To prepare a natural preservative mixture of sorbic acid, four candidate substances showing antibacterial effects were selected from 48 natural extract candidate substances, whose antibacterial activity was measured in this study. In addition, to develop universal natural preservatives, two types of natural extracts (Nelumbo nucifera and Ecklonia cava) that have shown antibacterial effects in previous studies were used [23], and a total of six natural extracts were combined to demonstrate their potential as universal natural preservatives in various combinations. The profiles of the natural extract mixtures are presented in Table 2. M1 is a mixture of natural extracts prepared at the minimum concentration to control L. monocytogenes, C. perfringens, Salmonella spp., and E. coli. M2 was a mixture of natural extracts prepared at the minimum concentration to control L. monocytogenes, C. perfringens, Salmonella spp., and E. coli, with economic feasibility. M3 was a combination of all six natural extract candidates. M4 was a combination of five candidate substances. M5 was prepared with 1/2 the concentration of M4. M6 had the same composition as M1, along with the addition of natural extracts effective against gram-negative and gram-positive bacteria, and one more natural extract effective against the four types of bacteria.
The natural plant extract mixtures were dissolved in sterile TSB broth containing 10% DMSO, and diluted bacteria (L. monocytogenes, C. perfringens, Salmonella spp., and E. coli) were inoculated at 3 Log CFU/mL. The mixtures were incubated at 30°C (L. monocytogenes) or 37°C (C. perfringens, Salmonella spp., and E. coli) depending on the growth of the strains and spread on agar plates at 0, 3, 6, 12, 24, 36, and 48 h. After incubating the plates for 24 h at the optimum incubation temperature, colonies were counted.
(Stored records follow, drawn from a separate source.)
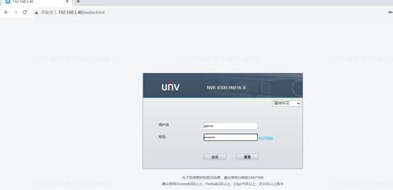 网页输入录像机IP地址、输入用户名密码登录设备。
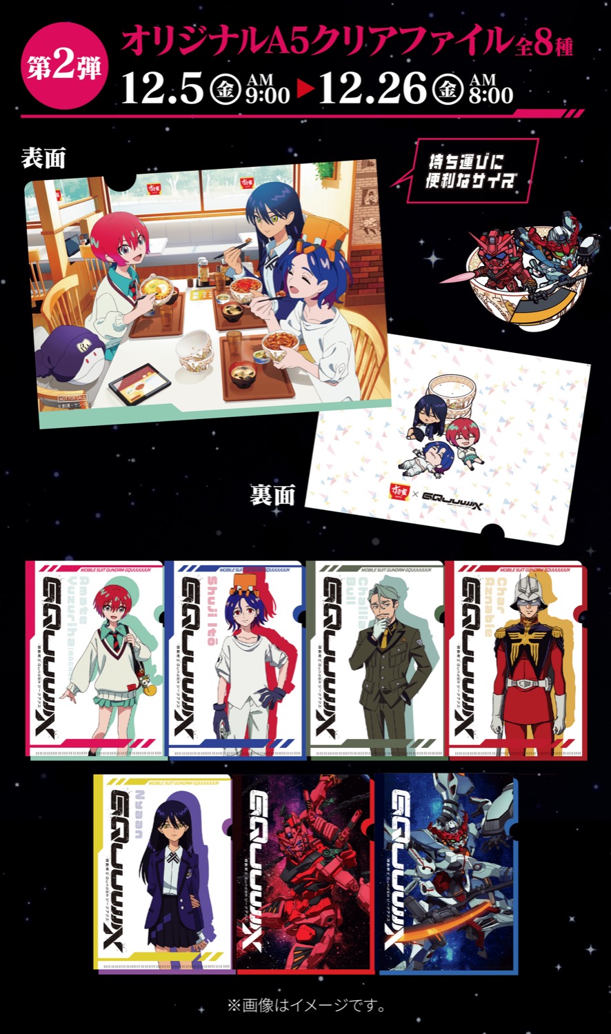 「ジークアクス × すき家全国」コラボキャンペーン期間中、「M.A.V.トッピングセット」を1品注文ごとに、11月18日〜12月5日までは第1弾「オリジナルステッカー 全6種」の中から1枚、12月5日〜12月26日までは「オリジナルA5クリアファイル 全8種」の中から1枚をプレゼント!
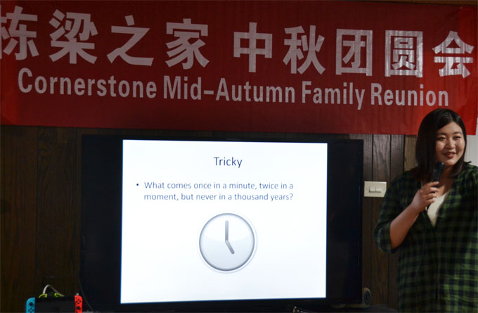 中秋灯谜,是中国民俗文化的传统项目,这个项目在小留学生这里有了创新,他们的中秋灯谜是英文的脑筋急转弯,英文词汇的特点同样带来妙趣横生的解读。学生们团队游戏,更是让现场充满青少年们无拘无束的欢闹。
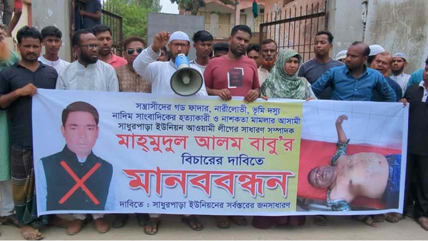 মাহমুুদুল আলম বাবুকে গ্রেপ্তারের দাবিতে সাধুরপাড়ায় মানববন্ধন
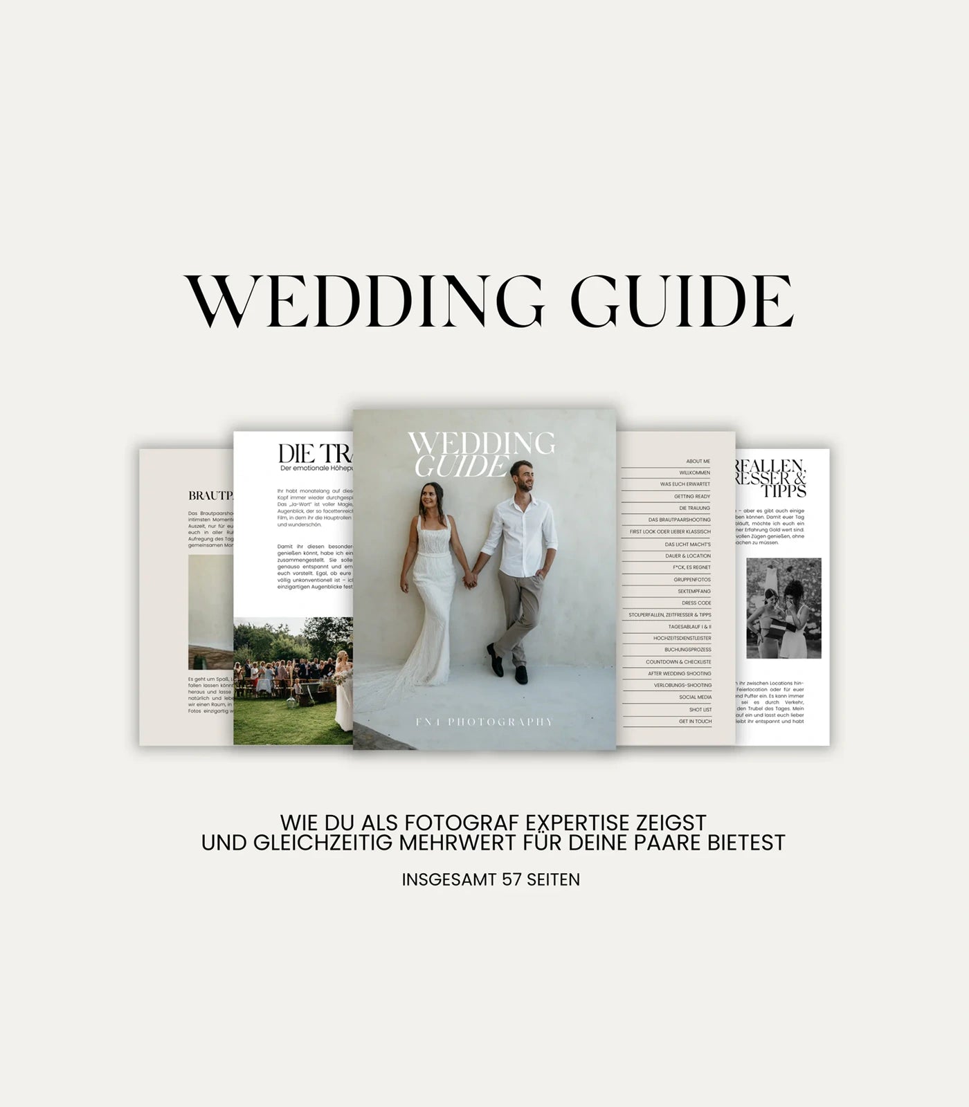 Mit dem Wedding Guide erhalten deine Brautpaare eine klare Struktur für ihren großen Tag. Weniger Unsicherheiten, mehr Vertrauen – für entspannte Kunden und natürliche, emotionale Fotos.
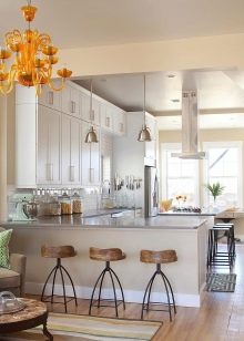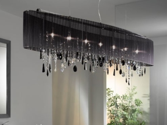 أحد الخيارات الكلاسيكية هو أيضًا المصابيح المستطيلة: هذا الشكل عالمي حقًا ويمكن أن يتناسب مع أي مساحة. ولكن إذا كنت لا تزال ترغب في تزيين الداخل بثريا ، فعليك اختيار حل أكثر إثارة للاهتمام.
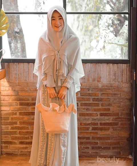 Jika bosan memakai jilbab syar’i biasa, kamu bisa mencari jilbab syar i terbaru yang memiliki aksen tambahan. Seperti hijab instan yang dipakai Larissa Chou ini. jilbab syari’i instan warna abu-abu itu nampak mewah dan elegan dengan potongan berlapis ditambah aksen tali di bagian depan. Hijab jenis ini cocok untuk menghadiri pesta.
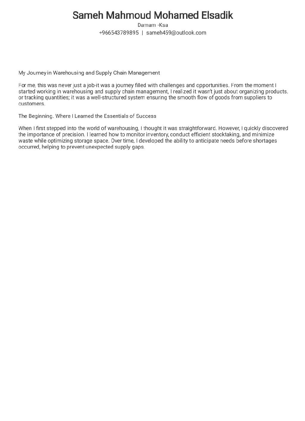 Warehouse and supply chain professional with hands - on experience in inventory management and daily operations (inbound/ outbound) Skilled in reducing waste, improving efficiency, and analyzing data using Excel. Seeking to join a dynamic team where I can add value and enhance operational performance
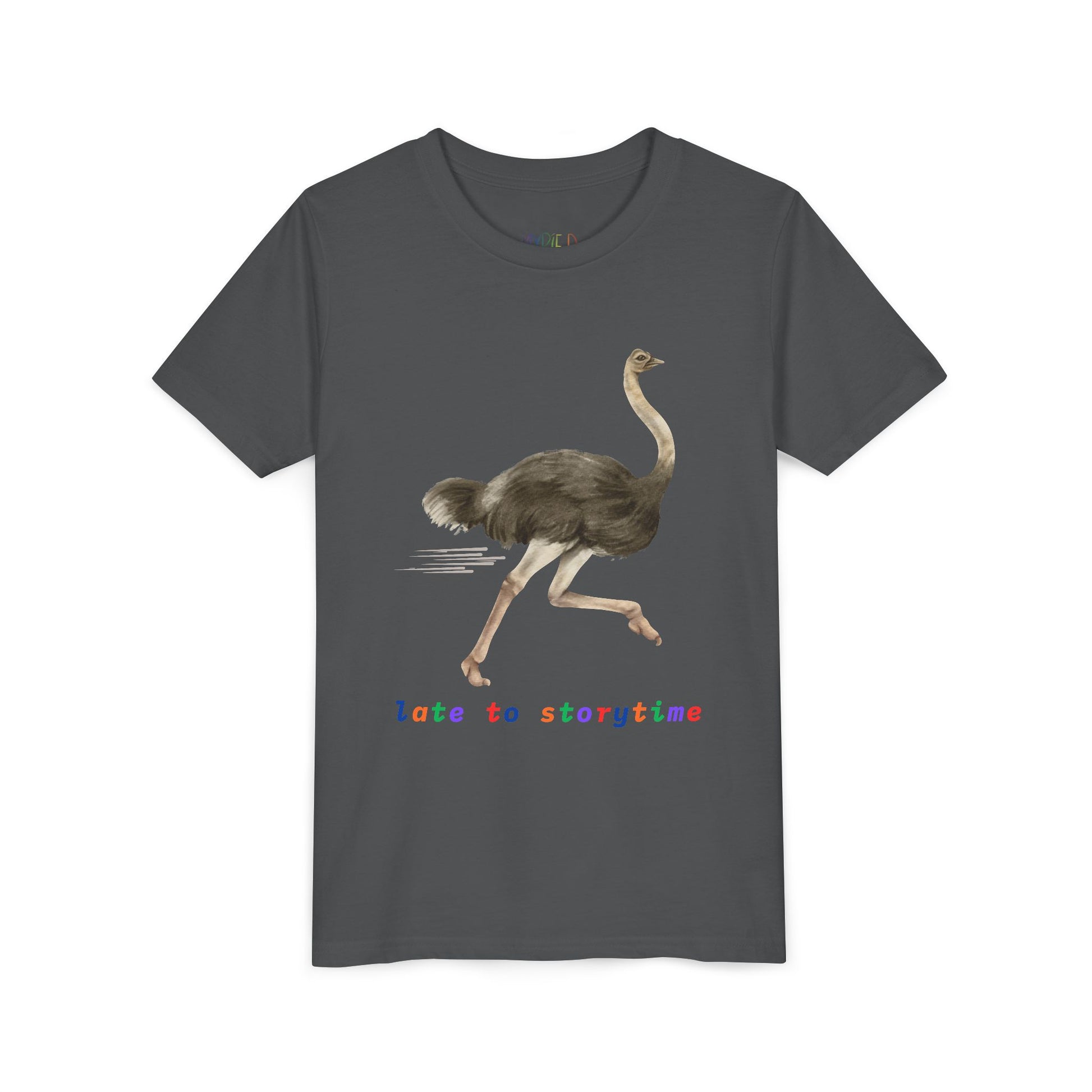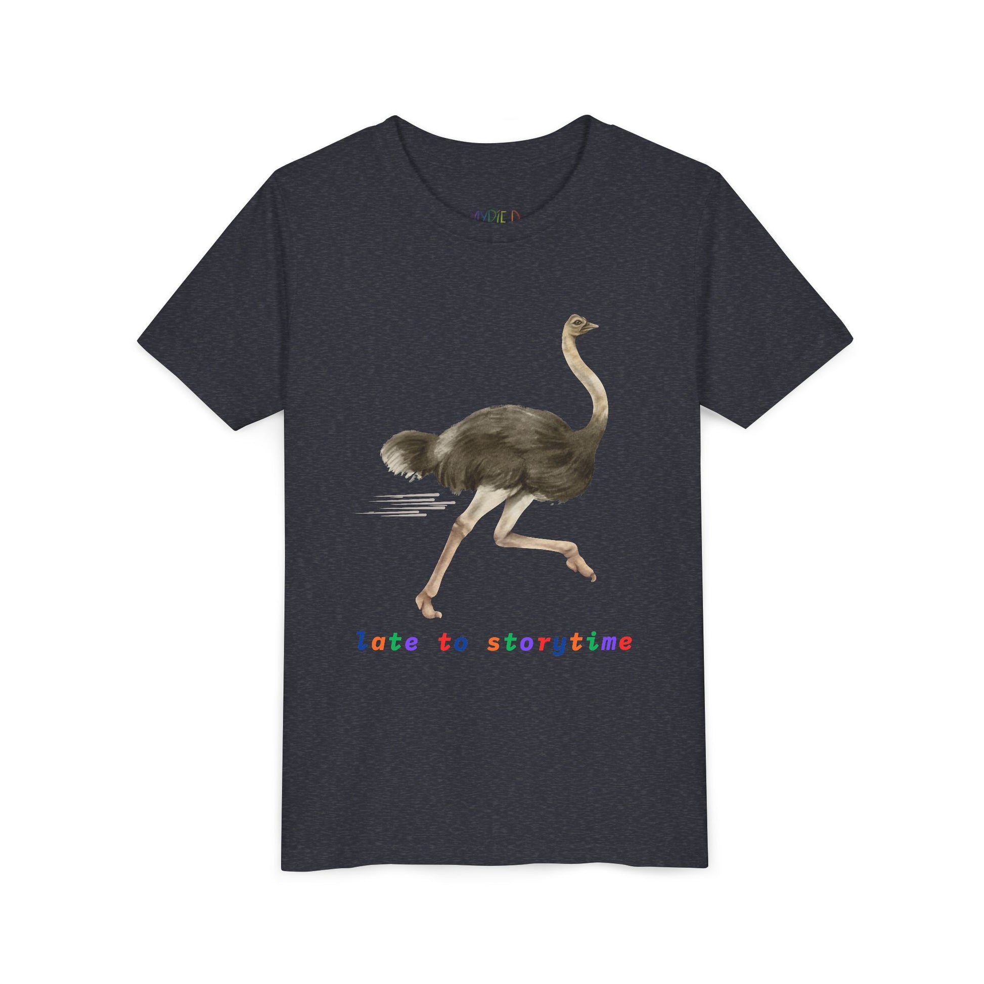Youth Late to Storytime Tee – Funny Ostrich Shirt for Bookish Speedsters
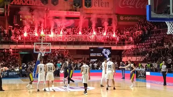 Neposredno posle toga, navijači su iznad partera upalili baklje uz poruku "Željko hvala ti".
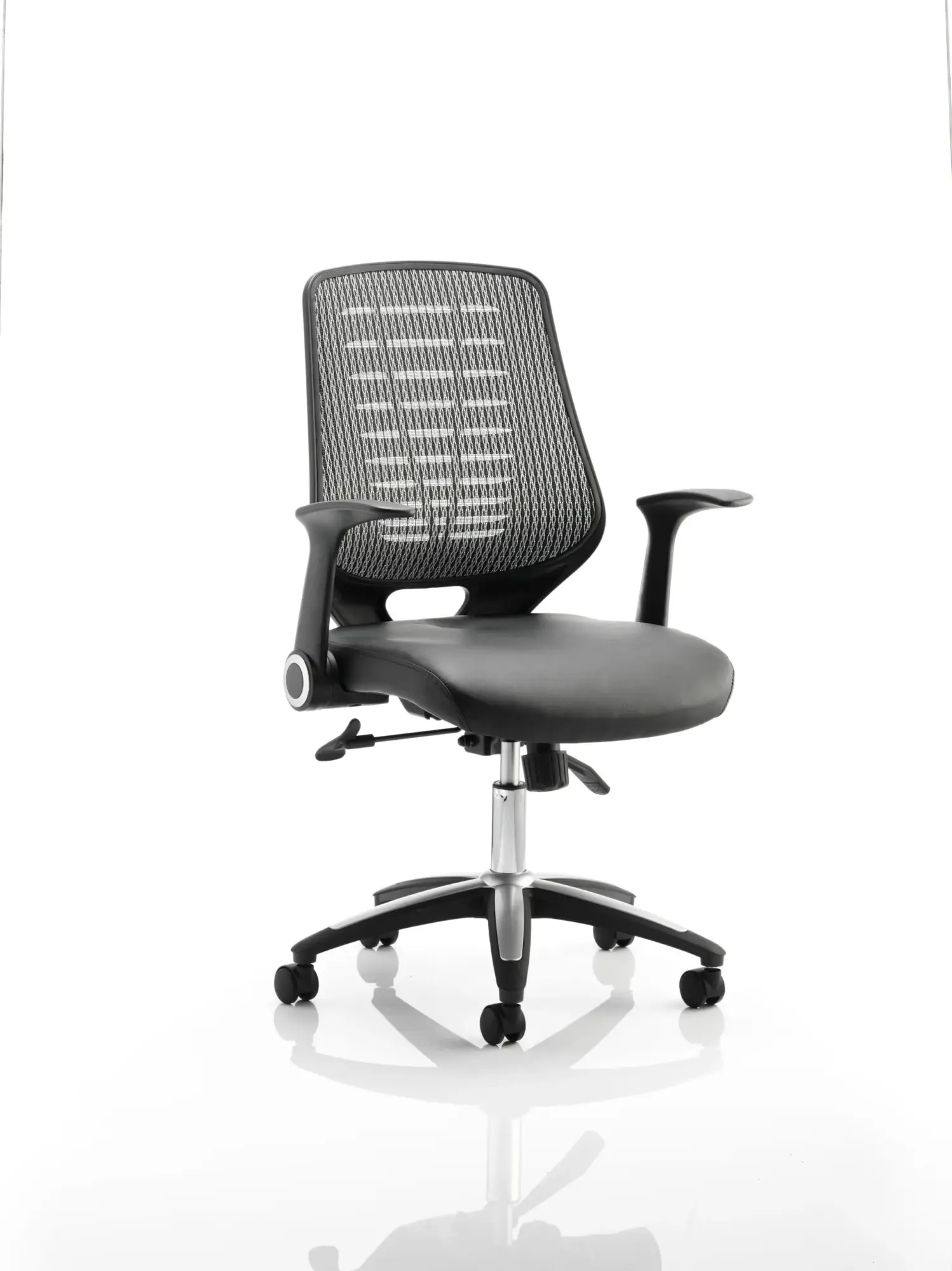 Chosen time and time again, the Relay is the ever popular mesh operator option. Modern styling with silver and chrome accented base & gas lift and easy fold armrests are complimented by a cool vented backrest design that is finished in a choice of either black or silver breathable mesh that allows you to keep your cool. The Relay makes for a versatile chair for all office environments.
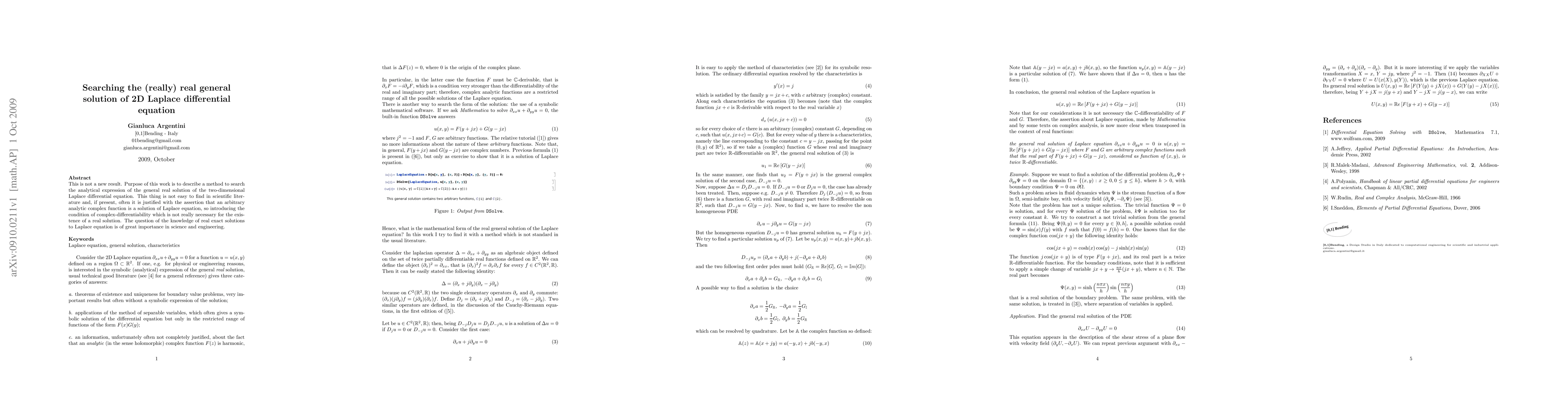 This paper presents a method to derive the analytical expression for the general real solution of the 2D Laplace differential equation, emphasizing the importance of real solutions over complex-differentiability in scientific and engineering applications. The work aims to fill a gap in literature where real solutions are often overlooked.
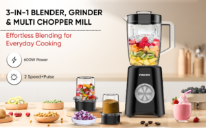 - Sleek and Space-Saving Design: With its compact design, the Nikai 3-in-1 Blender fits easily in most kitchens without taking up too much space. Its sleek and modern appearance ensures it complements any kitchen décor.

The total polyphenol and flavonoid content and 2,2-diphenyl-1-picrylhydrazyl (DPPH) and ABTS radical cation scavenging activities were measured to determine the antioxidant activity of the natural extract mixture. Total polyphenol content was determined according to the method described by Folin and Denis [24]. Briefly, sample extracts (20 μL) were combined with 40 μL of Folin–Ciocalteu reagent, to which 160 μL of sodium carbonate solution (Na2CO3, 75 g/L, w/v) was added. The mixture was vortexed and incubated in the dark for 1 h at room temperature. Absorbance was measured at 725 nm using a spectrophotometer (Optizen 2120 UV Plus, Mecasys, Daejeon, Republic of Korea). The total polyphenol content was calculated using a standard curve prepared using gallic acid. Total flavonoid content was determined using the AlCl3 colorimetric method [25]. The diluted sample extract (200 μL) was mixed with 100 μL of 5% NaNO2 and 100 μL of 10% AlCl3 was added after 5 min, followed by 0.6 mL 1N NaOH. After allowing the mixture to react in the dark for 10 min, absorbance was read at 415 nm. A standard curve was prepared using catechin, and the results are expressed as milligrams of catechin equivalents per gram (mg CE/g) of the sample.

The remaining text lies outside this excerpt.